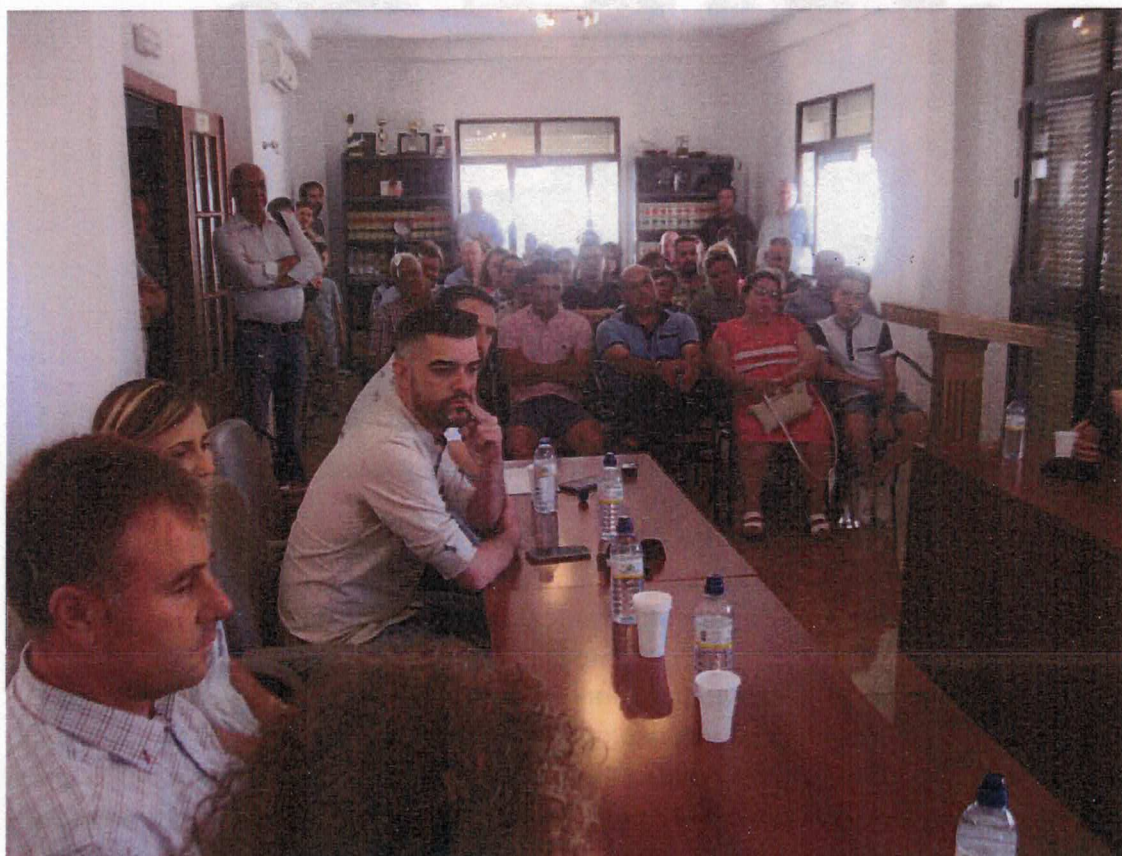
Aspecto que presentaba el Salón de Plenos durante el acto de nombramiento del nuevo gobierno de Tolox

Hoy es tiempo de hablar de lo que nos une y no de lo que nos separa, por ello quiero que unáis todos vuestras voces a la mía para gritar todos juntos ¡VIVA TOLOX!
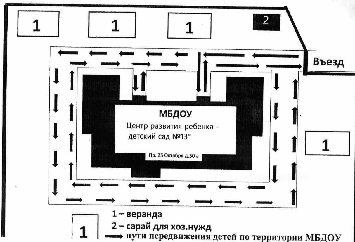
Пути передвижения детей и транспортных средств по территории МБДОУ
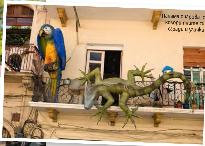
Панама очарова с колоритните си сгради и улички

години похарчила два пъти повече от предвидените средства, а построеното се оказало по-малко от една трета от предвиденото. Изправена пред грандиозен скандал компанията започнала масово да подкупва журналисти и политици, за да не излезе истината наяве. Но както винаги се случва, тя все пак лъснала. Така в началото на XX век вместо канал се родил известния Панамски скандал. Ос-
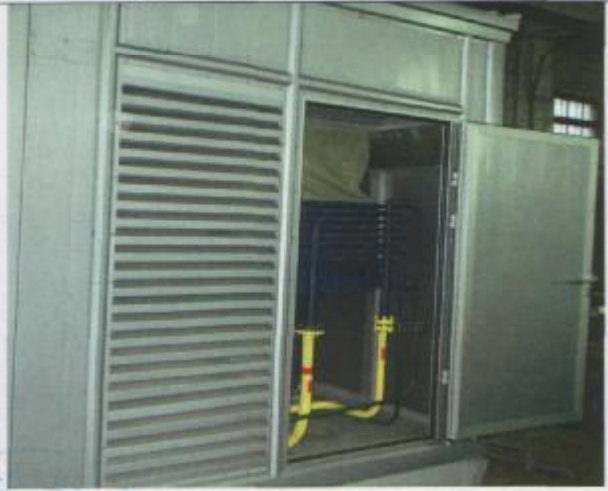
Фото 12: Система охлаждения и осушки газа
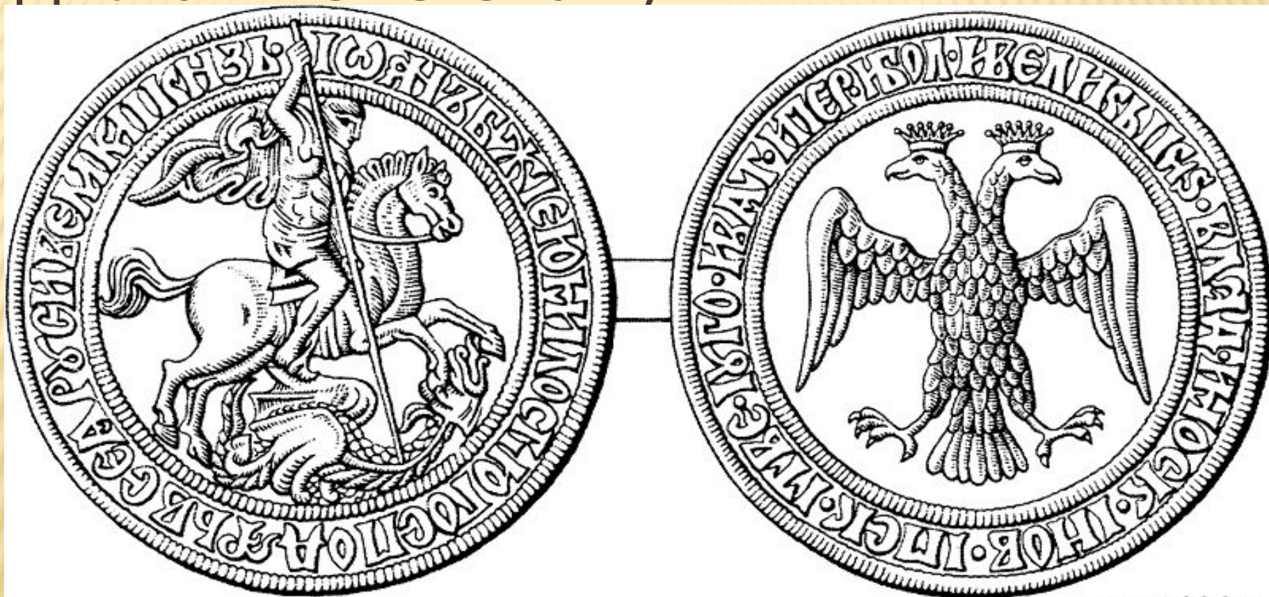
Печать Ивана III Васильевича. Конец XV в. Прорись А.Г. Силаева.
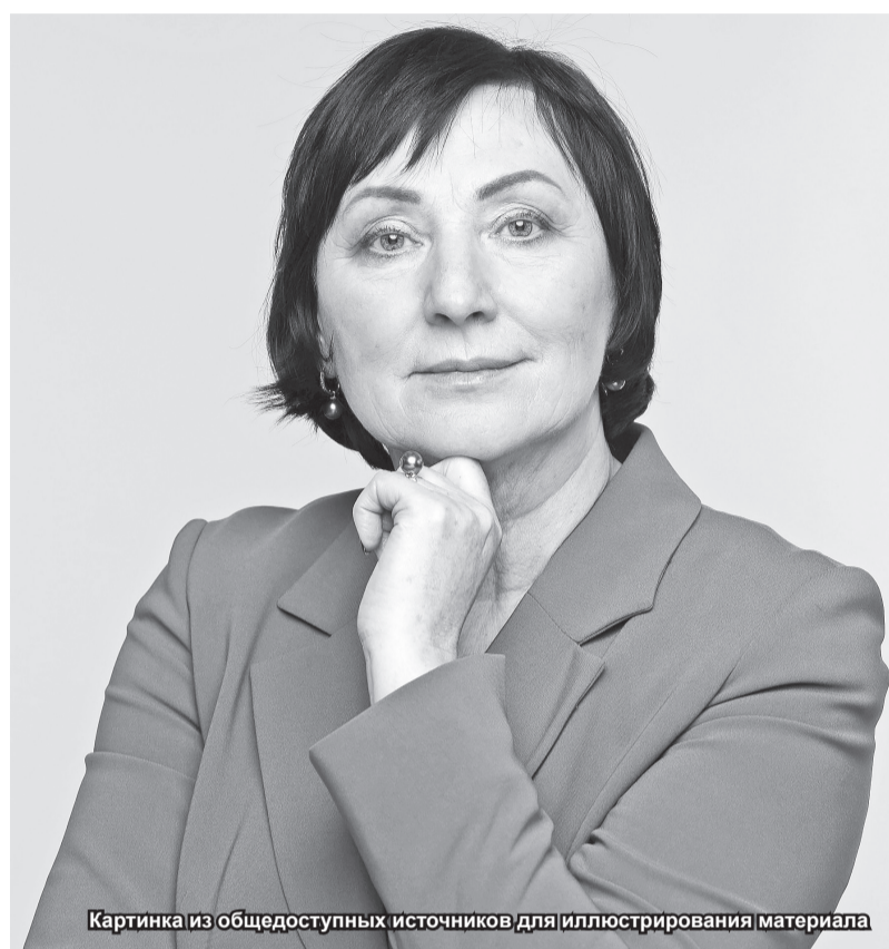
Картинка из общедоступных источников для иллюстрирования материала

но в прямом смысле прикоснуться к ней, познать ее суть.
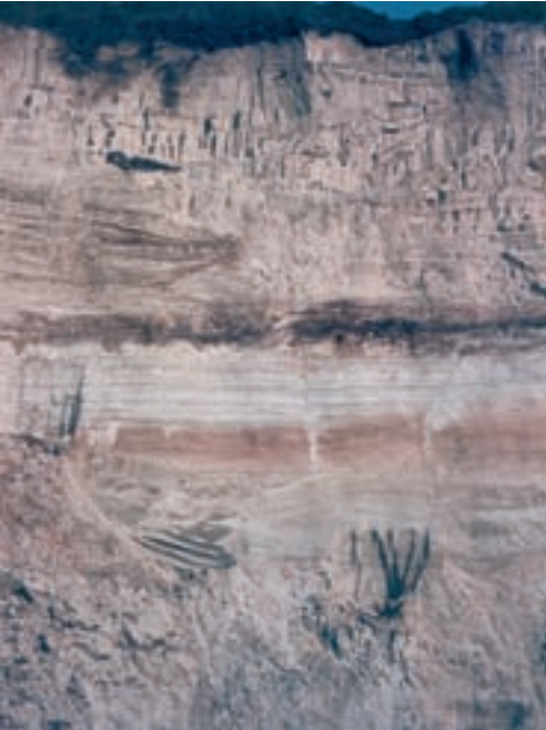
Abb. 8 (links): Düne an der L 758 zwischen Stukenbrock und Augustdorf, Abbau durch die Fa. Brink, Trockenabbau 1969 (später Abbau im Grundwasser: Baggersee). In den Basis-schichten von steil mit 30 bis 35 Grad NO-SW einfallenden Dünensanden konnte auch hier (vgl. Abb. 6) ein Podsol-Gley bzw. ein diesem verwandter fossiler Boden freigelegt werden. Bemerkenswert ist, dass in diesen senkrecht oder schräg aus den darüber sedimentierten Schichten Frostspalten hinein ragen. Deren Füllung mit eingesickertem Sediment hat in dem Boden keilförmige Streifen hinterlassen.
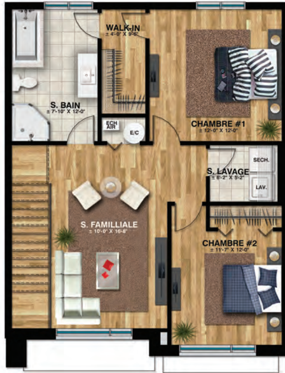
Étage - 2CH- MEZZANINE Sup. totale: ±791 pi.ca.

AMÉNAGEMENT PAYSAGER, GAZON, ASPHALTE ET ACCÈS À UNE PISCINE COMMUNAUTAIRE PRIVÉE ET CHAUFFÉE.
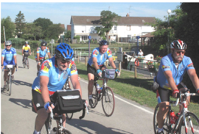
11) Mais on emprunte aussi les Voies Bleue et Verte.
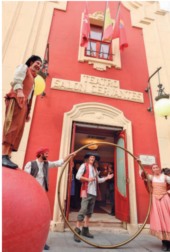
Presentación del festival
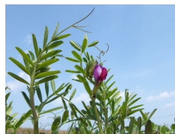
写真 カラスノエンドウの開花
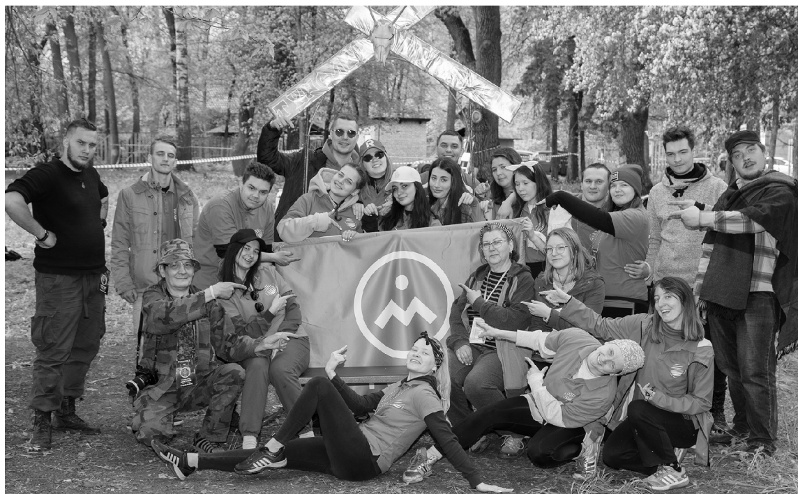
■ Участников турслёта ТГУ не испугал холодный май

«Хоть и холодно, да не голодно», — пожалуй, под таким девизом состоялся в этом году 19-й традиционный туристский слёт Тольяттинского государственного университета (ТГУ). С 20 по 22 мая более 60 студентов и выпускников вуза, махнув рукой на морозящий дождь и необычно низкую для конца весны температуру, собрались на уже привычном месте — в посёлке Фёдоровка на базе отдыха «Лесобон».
=======
YOUR TASK: Set down the data above verbatim, omitting every image.

RESPONSE:
Aspecto que presentaba el Salón de Plenos durante el acto de nombramiento del nuevo gobierno de Tolox

Hoy es tiempo de hablar de lo que nos une y no de lo que nos separa, por ello quiero que unáis todos vuestras voces a la mía para gritar todos juntos ¡VIVA TOLOX!
Пути передвижения детей и транспортных средств по территории МБДОУ
Панама очарова с колоритните си сгради и улички

години похарчила два пъти повече от предвидените средства, а построеното се оказало по-малко от една трета от предвиденото. Изправена пред грандиозен скандал компанията започнала масово да подкупва журналисти и политици, за да не излезе истината наяве. Но както винаги се случва, тя все пак лъснала. Така в началото на XX век вместо канал се родил известния Панамски скандал. Ос-
Фото 12: Система охлаждения и осушки газа
Печать Ивана III Васильевича. Конец XV в. Прорись А.Г. Силаева.
Картинка из общедоступных источников для иллюстрирования материала

но в прямом смысле прикоснуться к ней, познать ее суть.
Abb. 8 (links): Düne an der L 758 zwischen Stukenbrock und Augustdorf, Abbau durch die Fa. Brink, Trockenabbau 1969 (später Abbau im Grundwasser: Baggersee). In den Basis-schichten von steil mit 30 bis 35 Grad NO-SW einfallenden Dünensanden konnte auch hier (vgl. Abb. 6) ein Podsol-Gley bzw. ein diesem verwandter fossiler Boden freigelegt werden. Bemerkenswert ist, dass in diesen senkrecht oder schräg aus den darüber sedimentierten Schichten Frostspalten hinein ragen. Deren Füllung mit eingesickertem Sediment hat in dem Boden keilförmige Streifen hinterlassen.
Étage - 2CH- MEZZANINE Sup. totale: ±791 pi.ca.

AMÉNAGEMENT PAYSAGER, GAZON, ASPHALTE ET ACCÈS À UNE PISCINE COMMUNAUTAIRE PRIVÉE ET CHAUFFÉE.
11) Mais on emprunte aussi les Voies Bleue et Verte.
Presentación del festival
写真 カラスノエンドウの開花
■ Участников турслёта ТГУ не испугал холодный май

«Хоть и холодно, да не голодно», — пожалуй, под таким девизом состоялся в этом году 19-й традиционный туристский слёт Тольяттинского государственного университета (ТГУ). С 20 по 22 мая более 60 студентов и выпускников вуза, махнув рукой на морозящий дождь и необычно низкую для конца весны температуру, собрались на уже привычном месте — в посёлке Фёдоровка на базе отдыха «Лесобон».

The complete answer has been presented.